SGE
SGE

Reputation: 2367

Stop regular expression from matching across lines

I have a regular expression,

end\\s+[a-zA-Z]{1}[a-zA-Z_0-9]

which is supposed to match a line with the specifications

end abcdef123

where abcdef123 must start with a letter and subsequent alphanumeric characters.

However currently it is also matching this

foobar barfooend
bar fred bob

It's picking up that end at the end of barfooend and also picking up bar in effect returning end bar as a legitimate result.

I tried

^end\\s+[a-zA-Z]{1}[a-zA-Z_0-9]

but that doesn't seem to work at all. It ends up matching nothing. It should be fairly simple but I can't seem to nut it out.

Upvotes: 4

Views: 10711

Answers (3)

Marc
Marc

Reputation: 2639

You can use \b (word boundary detection) to check a word boundary. In our case we will use it to match the beginning of the word end. It can also be used to match the end of a word.
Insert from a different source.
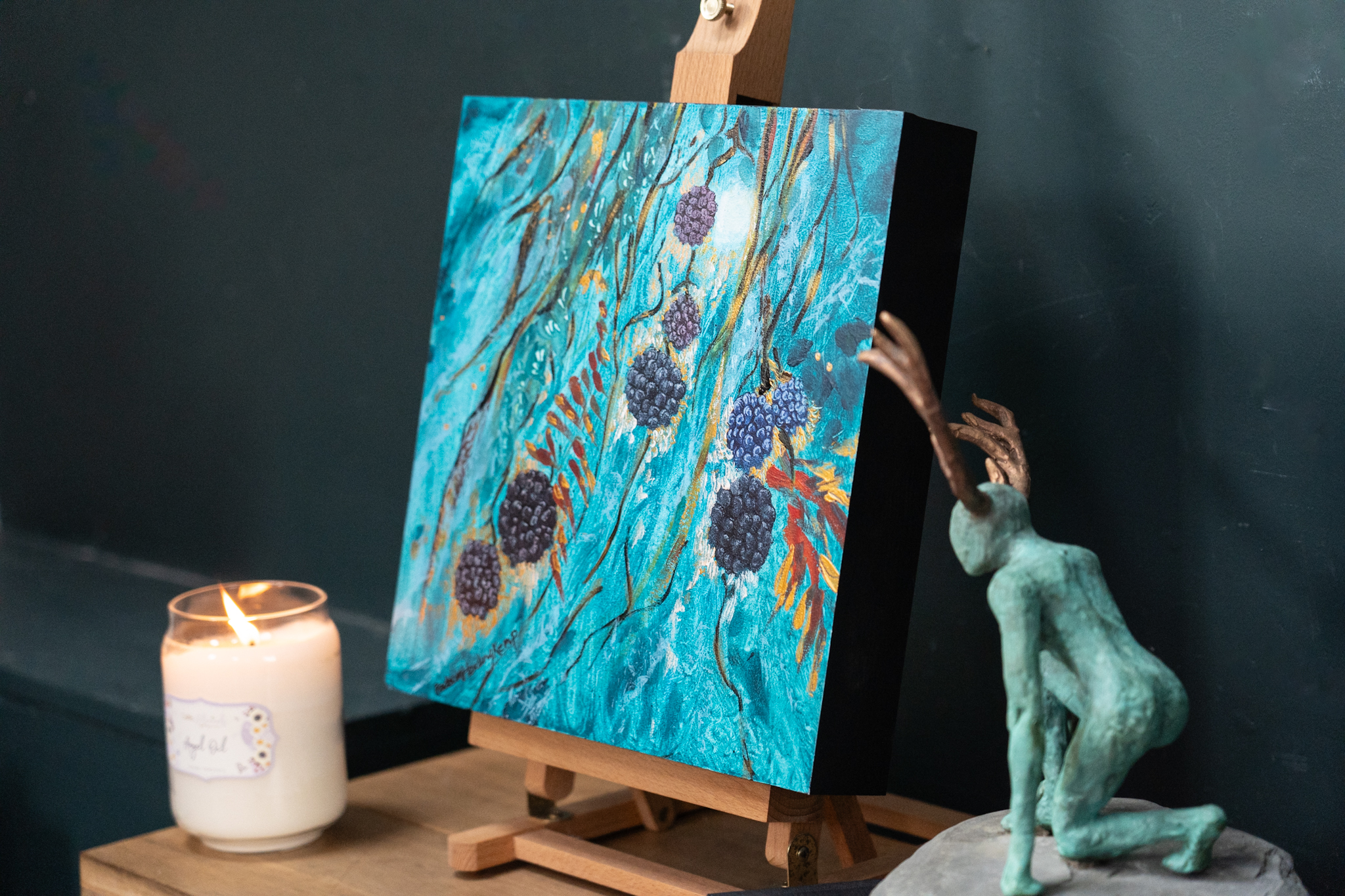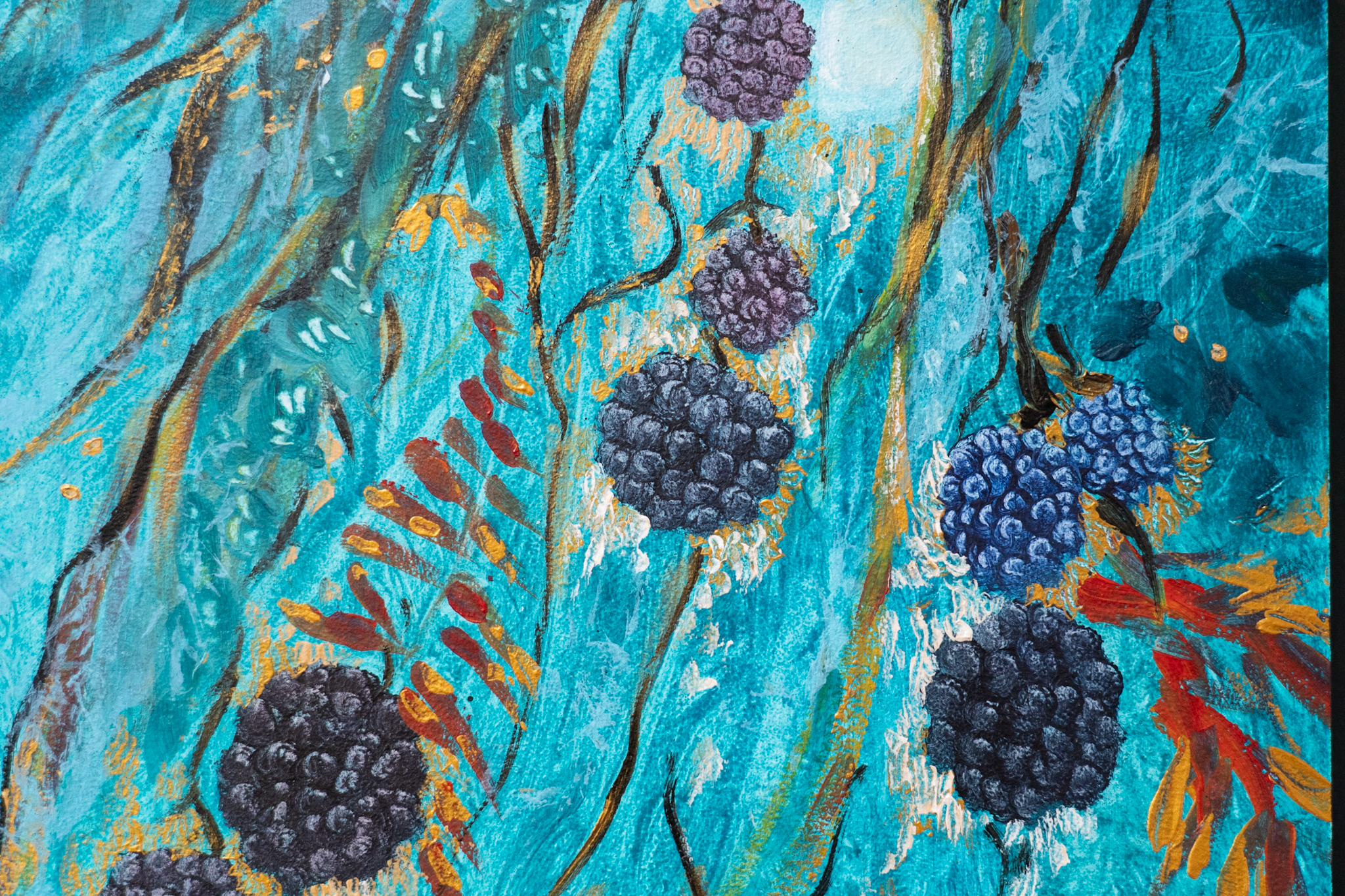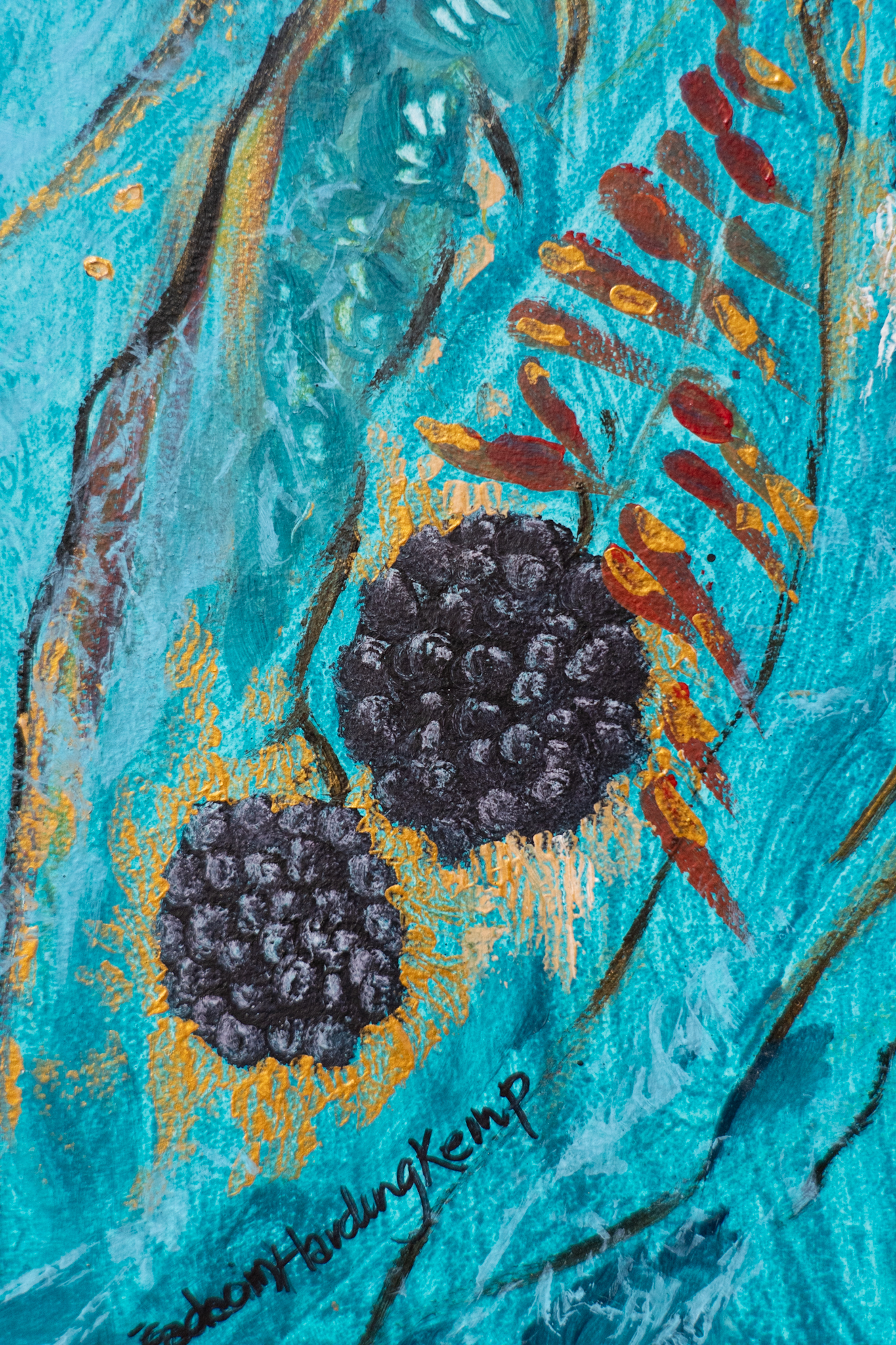 One of Eadaoin’s signature styles, is to play with perspective; particularly when it comes to her paintings of nature; placing some of the beautiful and more striking elements right in the immediate foreground and then taking your eye off into the rest of the painting in the distance. Eadaoin also draws on her expert knowledge of colour by bringing striking, rich tones to her work.
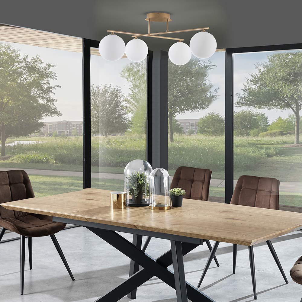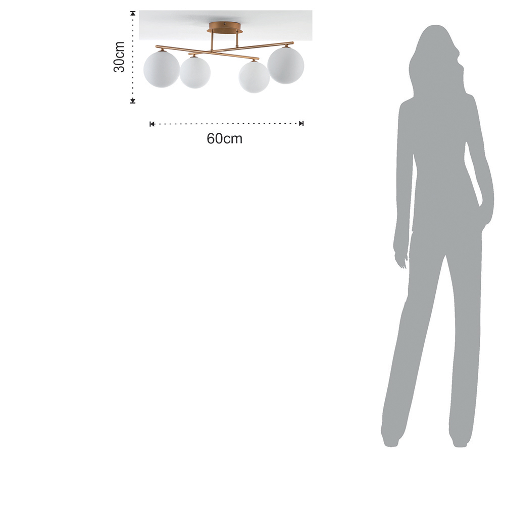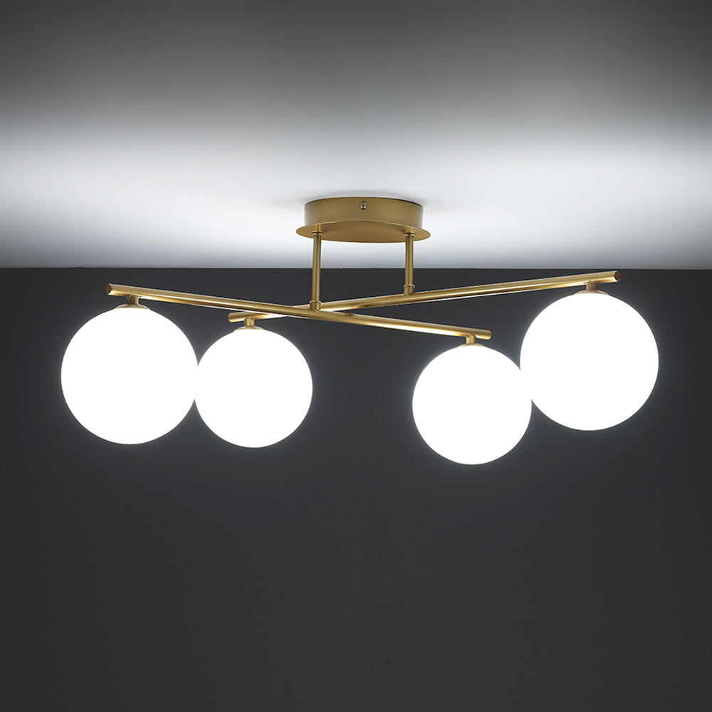 Ten żyrandol stanowi doskonały przykład eleganckiego i nowoczesnego designu , idealny do dodania odrobiny stylu i wyrafinowania każdemu otoczeniu. Dzięki czterem nieprzezroczystym szklanym kulom zawieszonym na metalowej konstrukcji żyrandol ten tworzy rozproszone i przyjemne oświetlenie, idealne do wnętrz takich jak jadalnia, salon, a nawet hol wejściowy.

As @nhahtdh stated in his comment the {1} is redundant as [a-zA-Z] already matches one letter in the given range.

Also your regex does not do what you want because it only matches one alphanumeric character after the first letter. Add a + at the end (for one or more times) or * (for zero or more times).

This should work:

"\\bend\\s+[a-zA-Z]{1}[a-zA-Z_0-9]*"

Edit : I think \b is better than ^ because the latter only matches the beginning of a line.

For example take this input : "end azd123 end bfg456" There will be only one match for ^ when \b will help matching both.

Upvotes: 4

Paul Vargas
Paul Vargas

Reputation: 42020

Try the regular expression:

end[ ]+[a-zA-Z]\w+

\w is a word character: [a-zA-Z_0-9]

Upvotes: 0

stema
stema

Reputation: 92976

\s includes also newline characters. So you either need to specify a character class that has only the wanted whitespace charaters or exclude the not wanted.